Simple concurrent importer for MySQL using load_data_infile2.
Add to your application's Gemfile:
gem 'mysql_import'
And bundle.
For exampole, if you want to import to users
table from /path/to/users.csv
:
db_config = {
host: 'localhost'
database: 'mysql_import_test'
username: 'root'
}
importer = MysqlImport.new(db_config)
importer.add('/path/to/users.csv')
importer.import
# => Import to `users` tables
Multiple import:
importer = MysqlImport.new(db_config)
importer.add('/path/to/users.csv')
importer.add('/path/to/groups.csv')
importer.add('/path/to/departments.csv')
importer.import
# => Import to three tables from three csv files
MysqlImport has the concurrency because it uses the parallel gem.
With import options:
importer = MysqlImport.new(db_config)
importer.add('/path/to/users1.csv', table: 'users')
importer.add('/path/to/users2.csv', table: 'users')
importer.add('/path/to/users3.csv', table: 'users')
importer.import
# => Import to `users` table from three csv files
Key that can be passed to the second argument of the option of MysqlImport#initialize
is the four types.
concurrency: The number of threads to use.

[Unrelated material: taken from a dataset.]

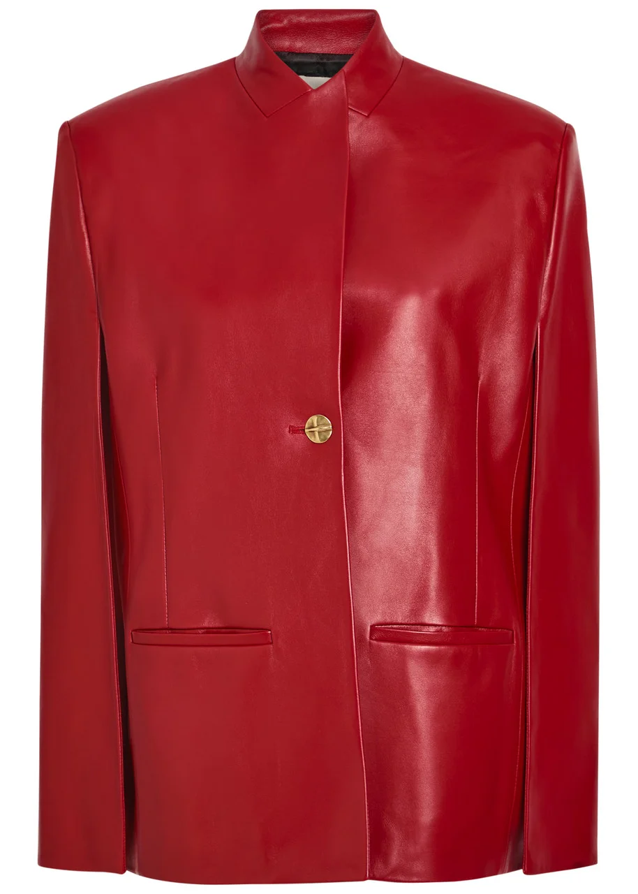 Dolso Cape-Sleeve Plonge Leather Jacket red

Ruby' GIL is released when the IO waiting occurs in mysql, you might be effective by concurrent processing. (default: 2)
importer = MysqlImport.new(db_config, concurrency: 4)

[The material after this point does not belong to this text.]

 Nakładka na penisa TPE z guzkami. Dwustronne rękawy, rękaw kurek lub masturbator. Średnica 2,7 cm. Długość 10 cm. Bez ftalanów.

log: This is an option for the logger. (default: nil)
# File path
importer = MysqlImport.new(db_config, log: '/path/to/import.log')

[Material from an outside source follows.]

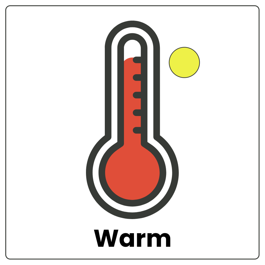 Warm Download Image + Add to My Visual Cues Brief Description A little bit hot How to Talk About This Term with Young Children “When it’s warm, the air might feel a little bit hot, but not very hot.” < Back to Visual Cues

# nil(This is the same as `/dev/null`)
importer = MysqlImport.new(db_config, log: nil)
# STDOUT / STDERR
importer = MysqlImport.new(db_config, log: $stdout)
# Custom logger
importer = MysqlImport.new(db_config, log: CustomLogger.new)
debug: This is a flag to the level of the logger to debug. (default: false)
importer = MysqlImport.new(db_config, log: $stdout, debug: true)
sql_opts: This is the option of import to be passed directly to the second argument of LoadDataInfile2#initialize
.
See more details for import options.
https://github.com/nalabjp/load_data_infile2#sql-options
The second argument of MysqlImport#add
will be passed directly to the second argument of LoadDataInfile2#import
.
See more details for import options.
https://github.com/nalabjp/load_data_infile2#sql-options
If you want to import only a specific file, you can specify the file.
The specification of the file will be used regular expression
importer = MysqlImport.new(db_config)
importer.add('/path/to/users.csv')
importer.add('/path/to/groups.csv')
importer.add('/path/to/departments.csv')
importer.import('users')
# => Only import to `users` table
importer.import(['users', 'groups'])
# => Import to `users` and `groups` table
If empry:
importer.import([])
# => Do not import anything
You are able to set the hook immediately before and after import.
The hook will accept either String or Proc or Array.
String is evaluated directly as SQL.
importer = MysqlImport.new(db_config)
importer.add(
'/path/to/users.csv',
{
before: 'TRUNCATE TABLE users;'
}
)
importer.import
# => Truncate query is always executed before import.
If you want to make the subsequent processing based on the execution result of SQL, you should use Proc.
Arguments that are passed to Proc is an instance of LoadDataInfile2::Client
, which is a subclass of Mysql2::Client
.
importer = MysqlImport.new(db_config)
importer.add(
'/path/to/users.csv',
{
before: ->(cli) {
res = cli.query('SELECT COUNT(*) AS c FROM users;')
cli.query('TRUNCATE TABLE users;') if res.first['c'] > 0
}
}
)
importer.import
# => If there is one or more records in `users` table, truncate query is executed.
Array of elements you need to use String or Proc.
importer = MysqlImport.new(db_config)
importer.add(
'/path/to/users.csv',
{
before: [
"SET sql_mode = 'STRICT_TRANS_TABLES';",
->(cli) {
res = cli.query('SELECT COUNT(*) AS c FROM users;')
cli.query('TRUNCATE TABLE users;') if res.first['c'] > 0
}
],
after: [
'SET @i = 0;',
'UPDATE users SET order = (@i := @i + 1) ORDER BY name, email ASC;',
]
}
)
importer.import
If you want to skip all subsequent processing, you will need to raise MysqlImport::Break
in Proc.
importer = MysqlImport.new(db_config)
importer.add(
'/path/to/users.csv',
{
before: ->(cli) {
res = cli.query('SELECT COUNT(*) AS c FROM users;')
raise MysqlImport::Break if res.first['c'] > 0
},
after: [
'SET @i = 0;',
'UPDATE users SET order = (@i := @i + 1) ORDER BY name, email ASC;',
]
}
)
importer.import
# => If there is one or more records in `users` table, import and after hook will be skipped.
Bug reports and pull requests are welcome on GitHub at https://github.com/nalabjp/mysql_import.
The gem is available as open source under the terms of the MIT License.